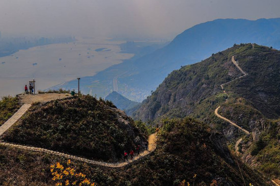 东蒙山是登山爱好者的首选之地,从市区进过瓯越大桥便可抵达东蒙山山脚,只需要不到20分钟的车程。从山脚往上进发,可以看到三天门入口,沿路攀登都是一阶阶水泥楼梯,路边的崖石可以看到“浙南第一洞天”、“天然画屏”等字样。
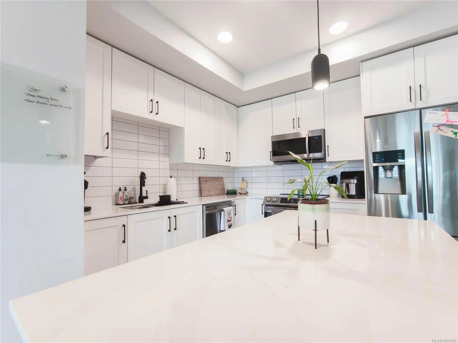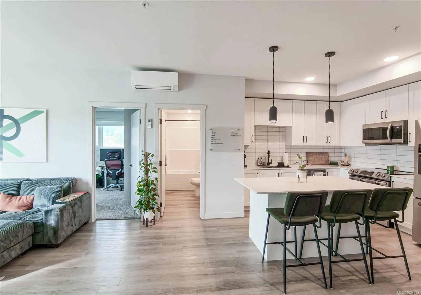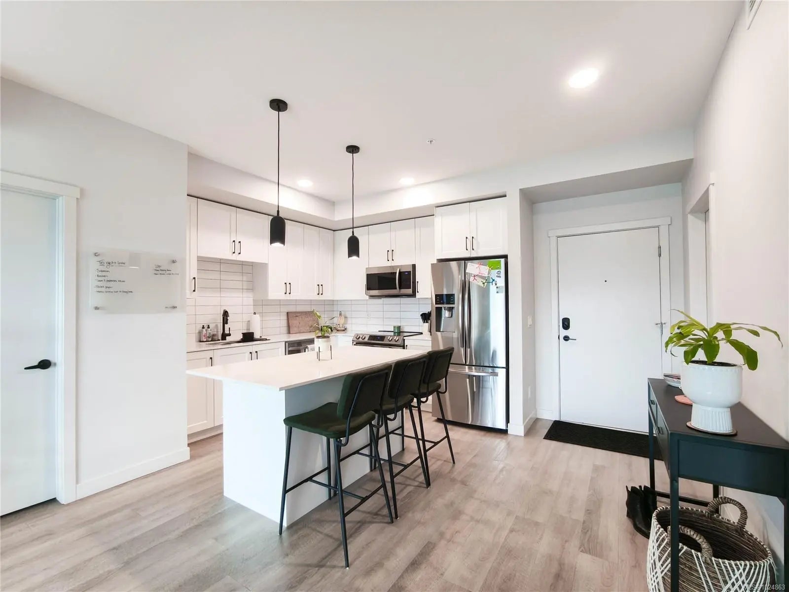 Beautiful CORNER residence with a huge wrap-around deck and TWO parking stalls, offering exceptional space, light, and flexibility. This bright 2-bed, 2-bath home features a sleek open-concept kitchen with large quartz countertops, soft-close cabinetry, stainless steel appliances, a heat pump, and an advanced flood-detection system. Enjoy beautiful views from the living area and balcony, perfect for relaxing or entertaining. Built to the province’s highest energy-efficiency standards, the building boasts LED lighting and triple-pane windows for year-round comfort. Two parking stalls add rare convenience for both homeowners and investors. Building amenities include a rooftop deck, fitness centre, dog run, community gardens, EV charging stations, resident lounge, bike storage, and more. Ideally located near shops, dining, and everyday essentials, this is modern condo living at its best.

• • • • •

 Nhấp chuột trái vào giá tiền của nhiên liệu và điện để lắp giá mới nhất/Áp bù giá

• • • • •

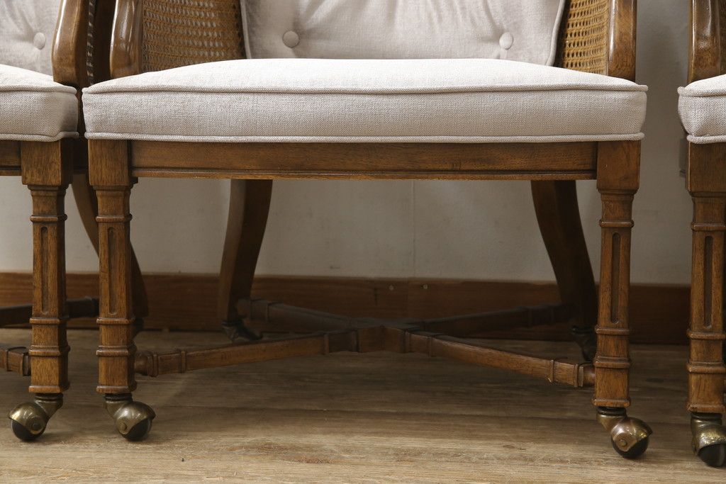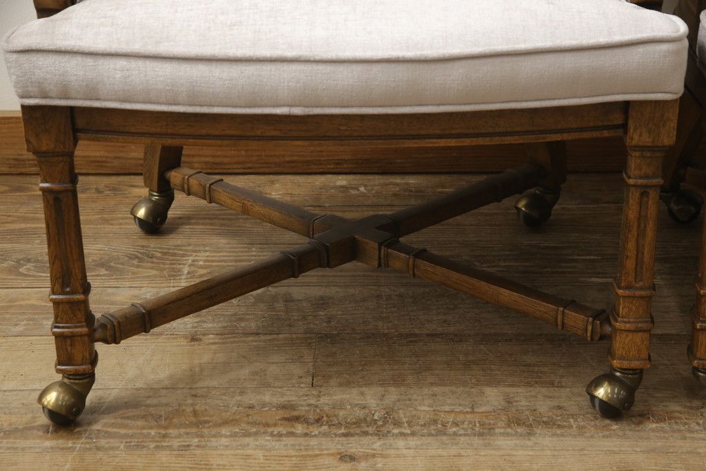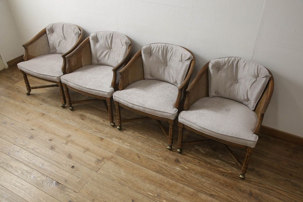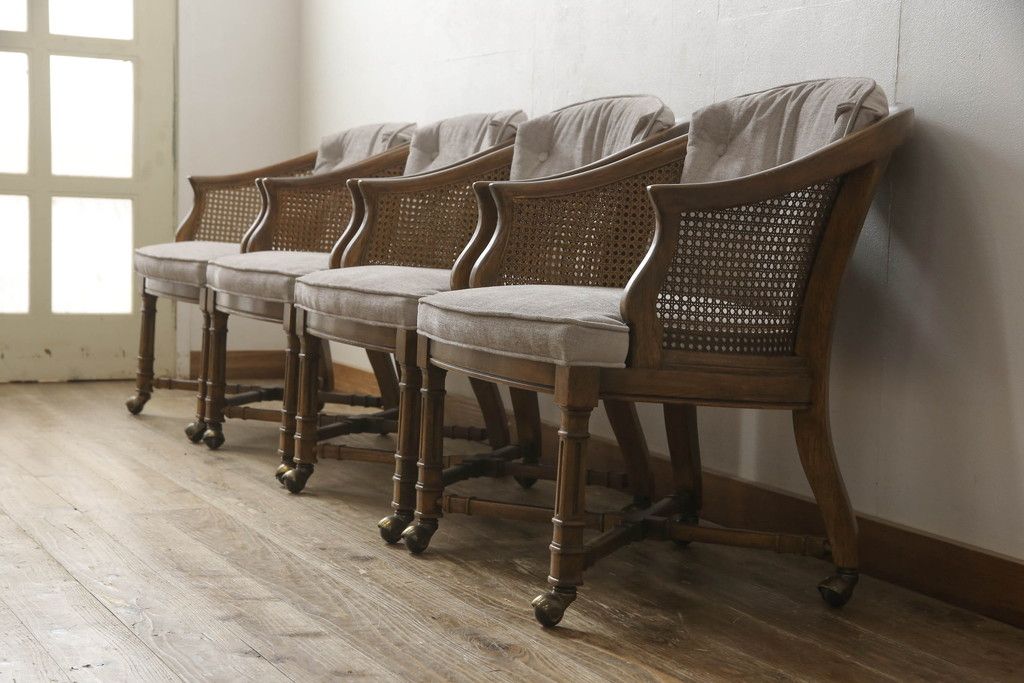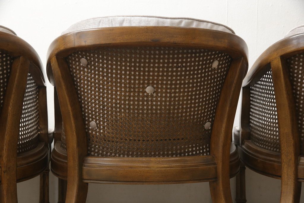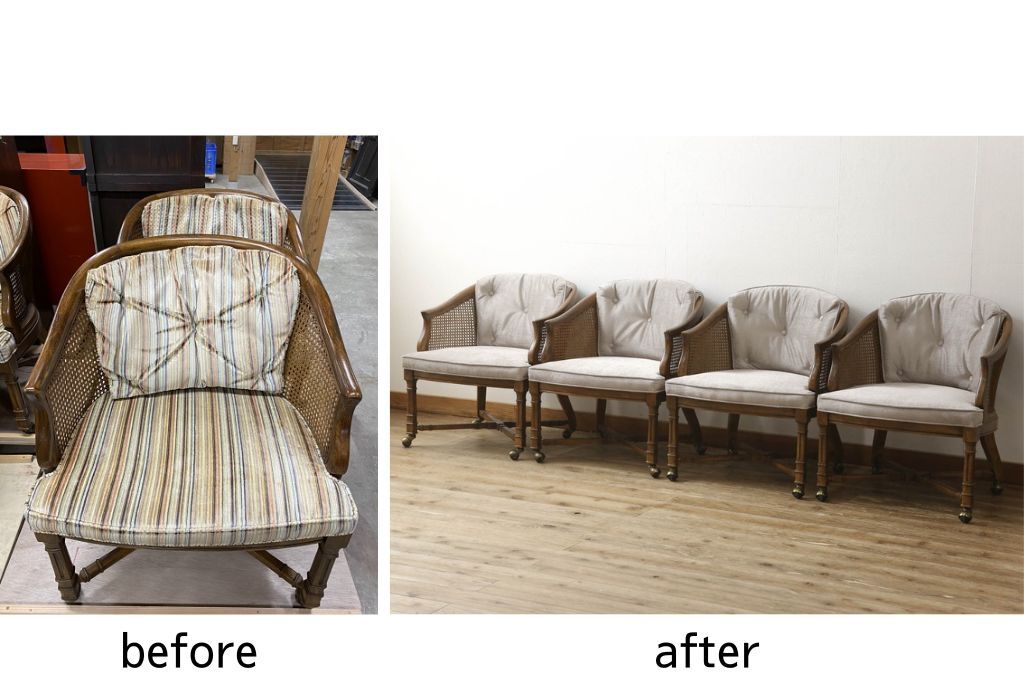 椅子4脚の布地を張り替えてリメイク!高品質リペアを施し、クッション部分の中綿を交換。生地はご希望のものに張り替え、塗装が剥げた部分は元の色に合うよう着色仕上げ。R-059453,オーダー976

• • • • •

Assigned task: Retype, exactly and with no pictures, everything above from the line with "东蒙山是登山爱好者的首选之地" down to the line with "Beautiful CORNER residence", both included.

Completed exercise:
 东蒙山是登山爱好者的首选之地,从市区进过瓯越大桥便可抵达东蒙山山脚,只需要不到20分钟的车程。从山脚往上进发,可以看到三天门入口,沿路攀登都是一阶阶水泥楼梯,路边的崖石可以看到“浙南第一洞天”、“天然画屏”等字样。
 Beautiful CORNER residence with a huge wrap-around deck and TWO parking stalls, offering exceptional space, light, and flexibility. This bright 2-bed, 2-bath home features a sleek open-concept kitchen with large quartz countertops, soft-close cabinetry, stainless steel appliances, a heat pump, and an advanced flood-detection system. Enjoy beautiful views from the living area and balcony, perfect for relaxing or entertaining. Built to the province’s highest energy-efficiency standards, the building boasts LED lighting and triple-pane windows for year-round comfort. Two parking stalls add rare convenience for both homeowners and investors. Building amenities include a rooftop deck, fitness centre, dog run, community gardens, EV charging stations, resident lounge, bike storage, and more. Ideally located near shops, dining, and everyday essentials, this is modern condo living at its best.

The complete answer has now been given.